Unnamed: 0,uid,iid,rui,est,details,Iu,Ui,err
2370,7699,166426,6.0,5.999426,{'was_impossible': False},0,1,0.000574
378,7701,166426,6.0,5.999426,{'was_impossible': False},0,1,0.000574
1820,6365,242033,6.0,6.000869,{'was_impossible': False},0,1,0.000869
432,11209,493529,7.0,6.999038,{'was_impossible': False},0,5,0.000962
11,10059,550988,7.0,6.99888,{'was_impossible': False},0,5,0.00112
2207,5827,101299,6.0,6.003456,{'was_impossible': False},0,2,0.003456
1127,9536,425001,6.0,6.004015,{'was_impossible': False},0,1,0.004015
2632,10491,628900,6.0,5.99582,{'was_impossible': False},0,2,0.00418
2696,7248,258489,6.0,5.990688,{'was_impossible': False},0,1,0.009312
1740,6825,211672,6.0,6.01334,{'was_impossible': False},0,1,0.01334


In collaborative filtering, the small values in the **err** column also imply a high level of confidence in the predictions. 

In [16]:
worst_predictions

Unnamed: 0,uid,iid,rui,est,details,Iu,Ui,err
506,3028,686,1.0,7.076706,{'was_impossible': False},0,3,6.076706
1040,7856,346364,1.0,7.137821,{'was_impossible': False},0,4,6.137821
2832,8877,474350,1.0,7.142201,{'was_impossible': False},0,7,6.142201
744,796,28,1.0,7.16885,{'was_impossible': False},0,4,6.16885
2215,6977,334541,1.0,7.204771,{'was_impossible': False},0,2,6.204771
202,2718,9598,1.0,7.222246,{'was_impossible': False},0,1,6.222246
2566,4064,6171,1.0,7.249354,{'was_impossible': False},0,1,6.249354
2493,10152,370172,1.0,7.284259,{'was_impossible': False},0,5,6.284259
2531,11547,466420,1.0,7.314201,{'was_impossible': False},0,5,6.314201
88,11202,603692,1.0,7.377509,{'was_impossible': False},0,11,6.377509


The worst predictions, as indicated by the provided data, highlight instances where the recommender system struggled to accurately estimate user ratings for certain items. In these cases, the predicted ratings significantly deviated from the actual ratings, resulting in comparatively high error values.

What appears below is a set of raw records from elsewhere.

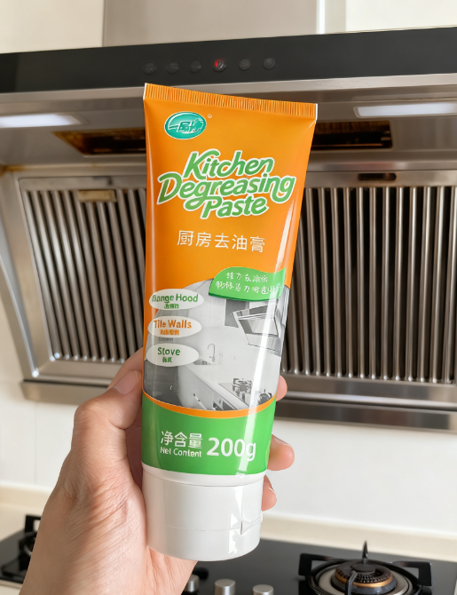 以前我都是拿钢丝球拼命刷,刷完手疼还没干净。 现在直接挤点膏体在油污上,等几分钟,用湿布一擦,油渍就像被“溶化”了一样,轻松搞定。
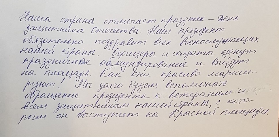 Наша страна отмечает праздник - День защитника Отечества. (президент, офицеры, солдаты, маршировать, Красная площадь, обращение).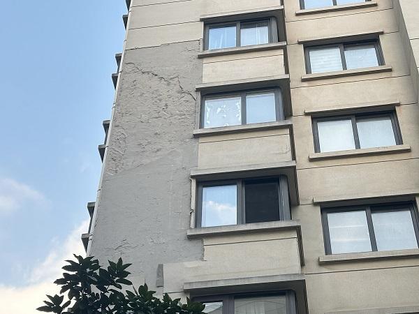 居民称,本年9月16日台风“贝碧嘉”来袭,10号楼墙皮霎时大面积剥落。记者看到,剥落区域位于10号楼5至7层西侧外墙,事发时陨落的碎石和墙皮如今已经残留在1楼过说念大地上。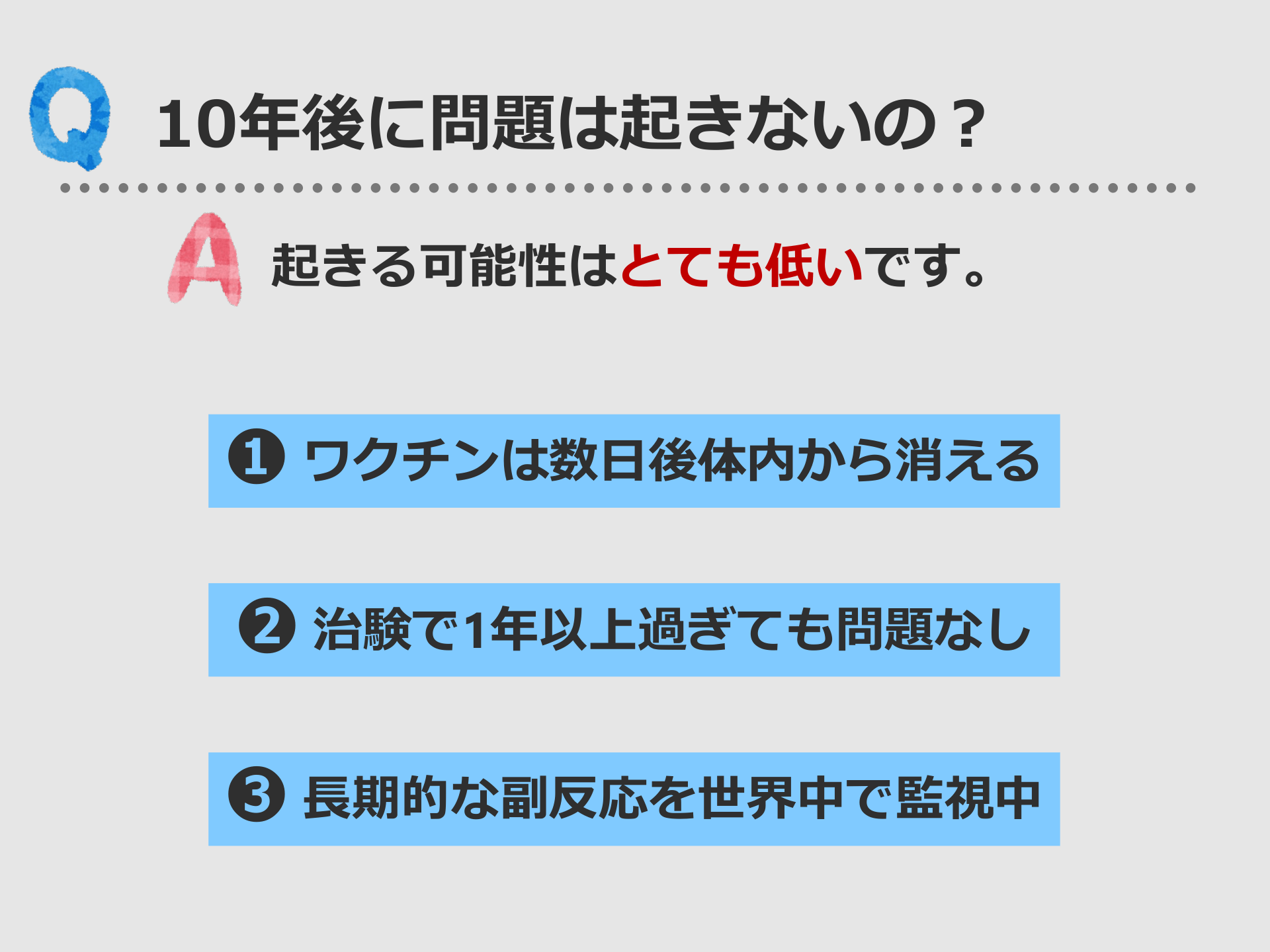#97. 10年後に問題は起きないの? 起きる可能性はとても低いです。 ❶ ワクチンは数日後体内から消える ❷ 治験で1年以上過ぎても問題なし ❸ 長期的な副反応を世界中で監視中
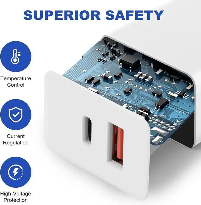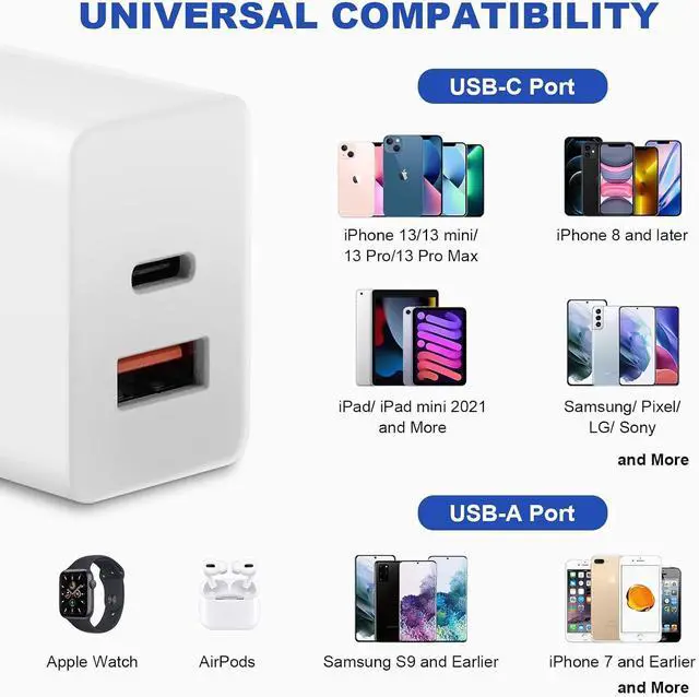 USB-A output: 5V=3A 9V=2A 12V= 1.5A; simultaneous use of two ports total output 20W MAX can intelligently allocate output power to protect battery life. Safety & ReliabilityThe charger block passes UL safety standards and protects your devices from overcurrent overvoltage overheating overcharging and short-circuit hazards. Equipped with a smart chip it can intelligently distribute the output power. CompatibilityProvides 20W full-speed charging. Compatible with iPhone17/16/15/14/13/12/11/XS/XR/X/8 iPad iPod smartphones headphones tablets Galaxy and other USB devices. What You Get You will get 2 pack of Dural Port USB Quick Charger Blocks. Enjoy 365 days of free returns and 24/7 customer service.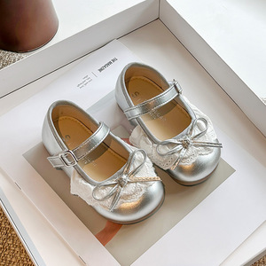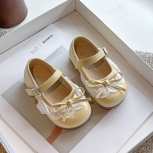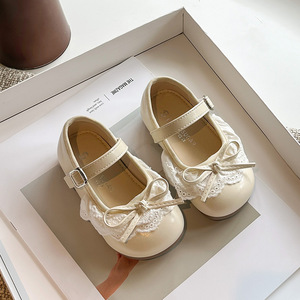 蕾丝边蝴蝶结皮鞋2025春秋新款韩版女童单鞋软底洛丽塔洋气公主鞋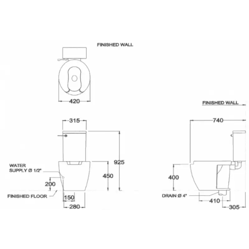 - Kích thước: 420 x 740 x 925 mm (Xem chi tiết ở phần hướng dẫn lắp đặt).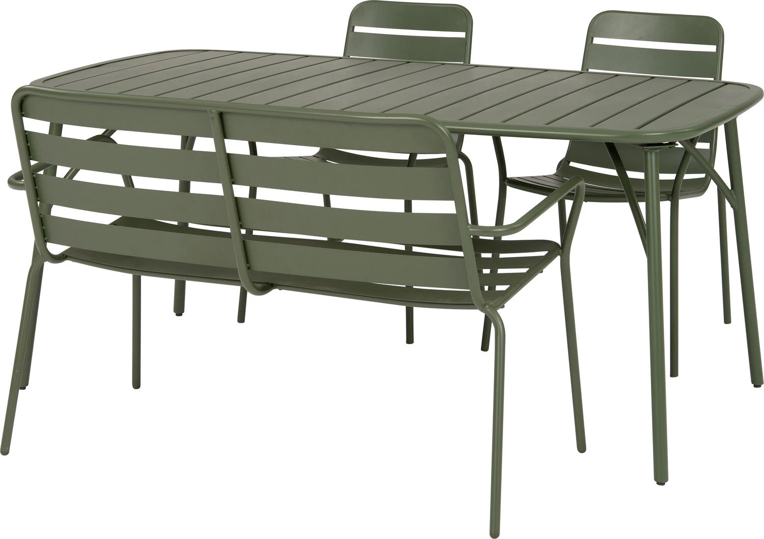 Diningset Olle is 4-delig en bestaat uit eettafel Olle, afmetingen 150 x 37 x 42,5 cm, een 2-persoons tuinbank 115 x 62,8 x 82 cm en twee eettafelstoelen, afmetingen 55,7 x 62,8 x 82 cm. Zithoogte 44,8 cm, 2 jaar garantie.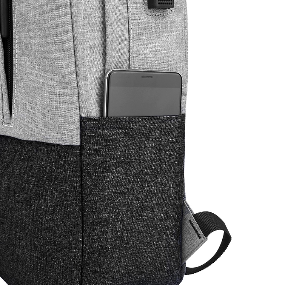 На передней стенке два кармана карман на скрытых молниях. Сбоку два открытых кармана и USB-разъем с проводом для подключения внешнего аккумулятора.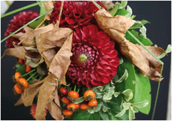Por la mañana, se propusieron dos ramos pensados para la venta por impulso. “Sensibles”, en palabras de Pascual, “es decir, ni ostentosos ni demasiado grandes”, adecuados al contexto económico, que no permite demasiados gastos. En el primero, se usaron rosas naranjas y escaramujo. Una rama flexible de enredadera dio forma redonda a la estructura, adornada con verdes ornamentales. Las dalias fueron las flores principales del otro bouquet, que también incluyó hojas secas de platanero. Pascual sugirió “añadir castañas, manzanas pequeñas y otras frutas del otoño”. En definitiva, “dos ramos rápidos, que se pueden vender a un precio bajo. Es necesario que tengamos varios iguales expuestos en la tienda”, recordó.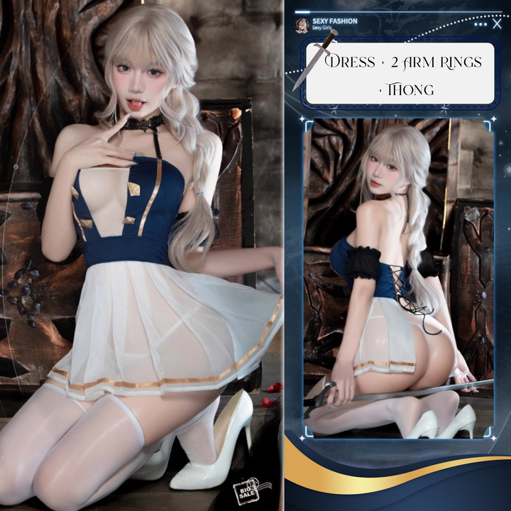 Step into your role as the Armor of Desire Knight Cosplay Dress — a fierce yet alluring cosplay set that combines delicate sheer fabric with bold straps and a playful pleated mini skirt. Designed for confident warriors who want to blend power with sensuality, this outfit is perfect for cosplay, themed events, or daring roleplay.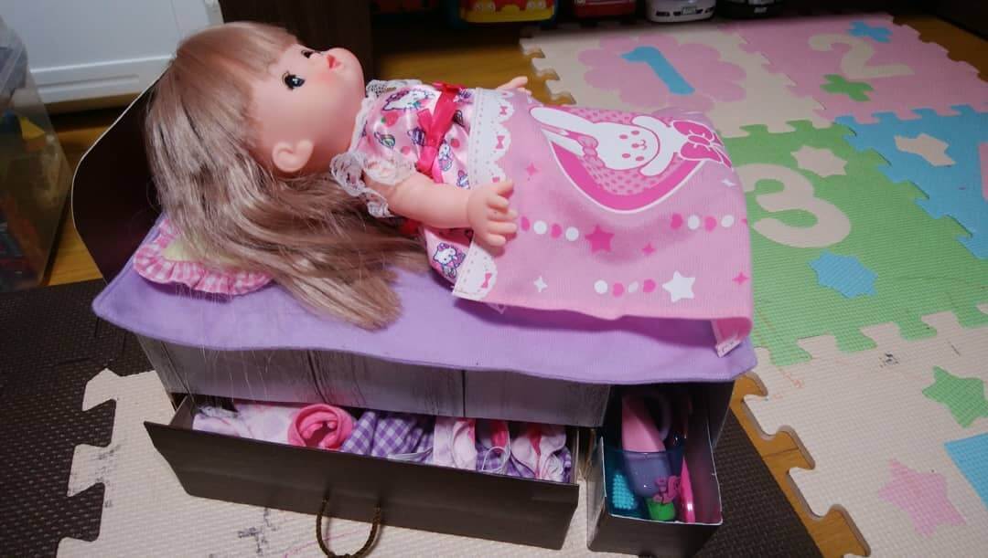 お世話グッズや洋服が充実しているお人形・メルちゃんのベッドを作ったのはkasumiururuさん。娘さんが毎晩、メルちゃんと一緒に寝るようになったので作ってあげたのだそう。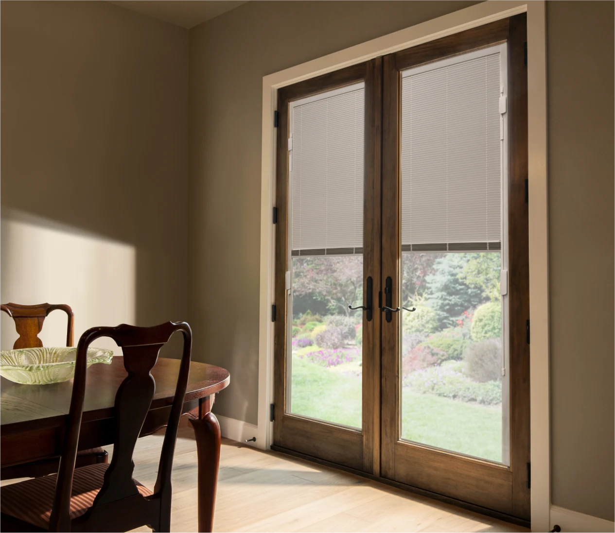 For seamless light and privacy control, you can opt to have blinds or shades installed directly between the glass panels. This integrated solution keeps the treatments protected from dust and damage while allowing you to easily manage light without interfering with the door's operation.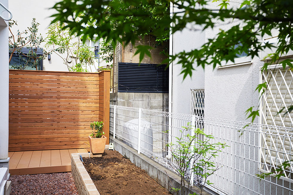 室内からの出入りをしやすい場所には、家族でくつろげる空間と してタイルのテラスを。 裏側は家庭菜園や既存の植栽を楽しめる空間に。 使い道の異なる二つの空間を、ウッドデッキで動線をつなぐことで、気軽に行き来できるよう配慮しました。 限られたスペースを有効活用し、ご家族で楽しむことができる空間になったのではないでしょうか。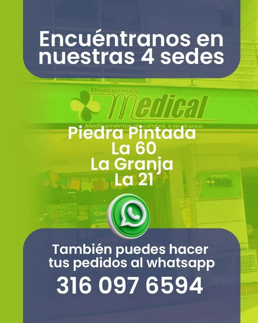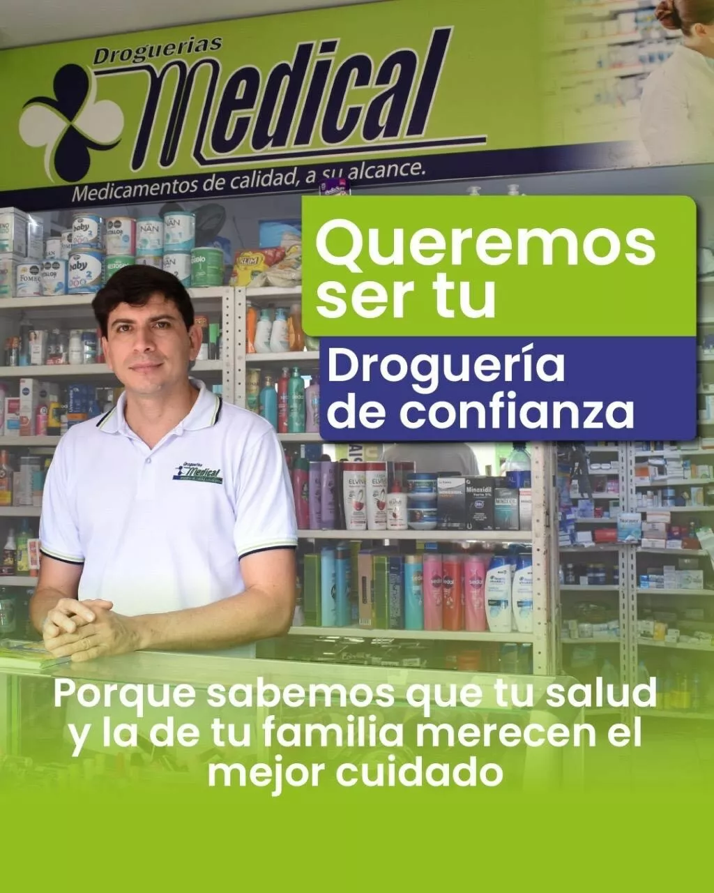 Droguerías Medical, Somos una farmacia comprometida con la salud y el bienestar de la comunidad, desde hace aproximadamente 32 años ofrecemos una amplia variedad de medicamentos de calidad (genéricos y comerciales), productos para el cuidado y la belleza personal, suplementos nutricionales, asesoría especializada con la confianza de recibir siempre la mejor atención y orientación profesional.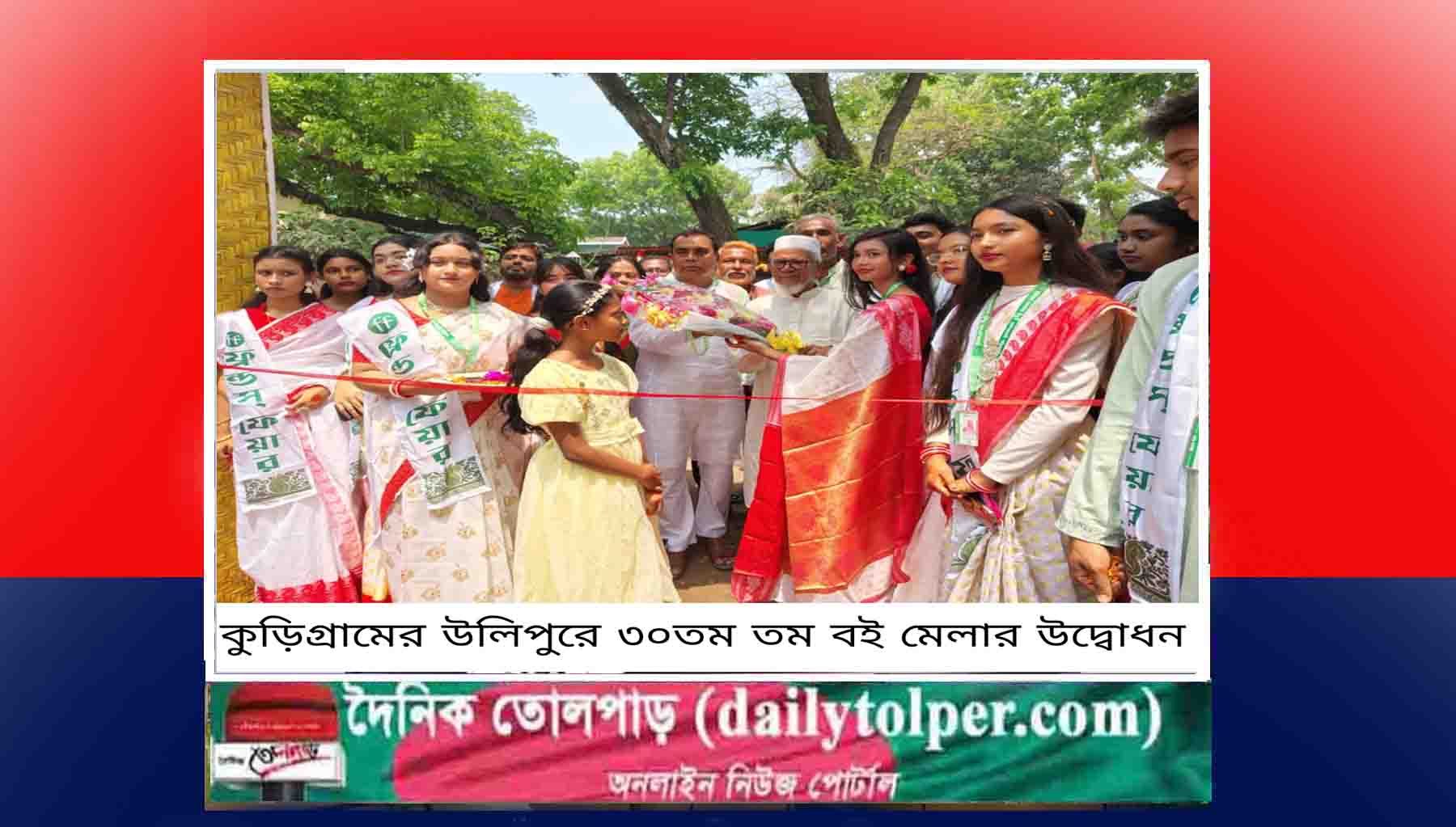 "তোমাদের রক্তসিক্ত মাটিতে প্রতিনিয়তই জন্মে বিবর্তনের অংকুর" এই প্রতিপাদ্যে কুড়িগ্রামের উলিপুরে ৩০তম বই মেলার উদ্বোধন হয়েছে। শনিবার (৪ এপ্রিল) বেলা ১১টায় সামাজিক ও সেচ্ছাসেবী সংগঠন ফ্রেন্ডস ফেয়ার'র আয়োজনে বিজয় মঞ্চ প্রাঙ্গণে জাতীয় পতাকা ও সংগঠনের পতাকা উত্তোলনের মধ্য দিয়ে ৭ দিনব্যাপি এই মেলার উদ্বোধন করেন, যুদ্ধাহত বীর মুক্তিযোদ্ধা গোলাম মোস্তফা।
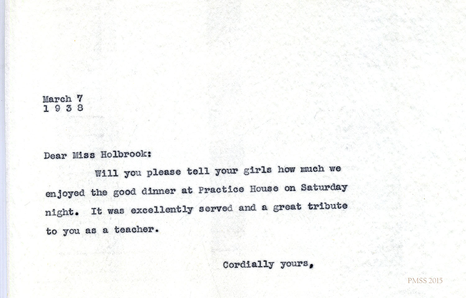 [unsigned] Memo to Holbrook praising the good dinner at Practice House, a tribute to her as a teacher.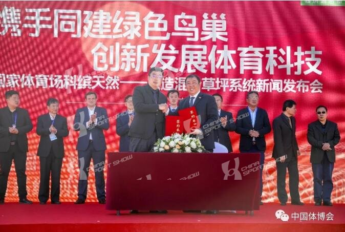 在活动中,国家体育场(鸟巢)与广州傲胜人造草股份有限公司签署了科缤天然-人造混合草坪系统共建合作协议,这是AVG傲胜股份继为2008年北京奥运会提供专业人造草坪足球场和棒球场、2015年成为鸟巢独家供应商之后与国家体育场(鸟巢)的再次合作,双方将共同推动中国体育以及更多高标准足球场地的建造和升级,为中国足球事业发展贡献力量!

Understanding and addressing these challenges can pave the way for further improvements in recommender systems. Techniques such as incorporating more advanced algorithms, enhancing data preprocessing, or exploring hybrid models that combine collaborative and content-based filtering approaches could contribute to refining predictions and delivering more accurate recommendations to users.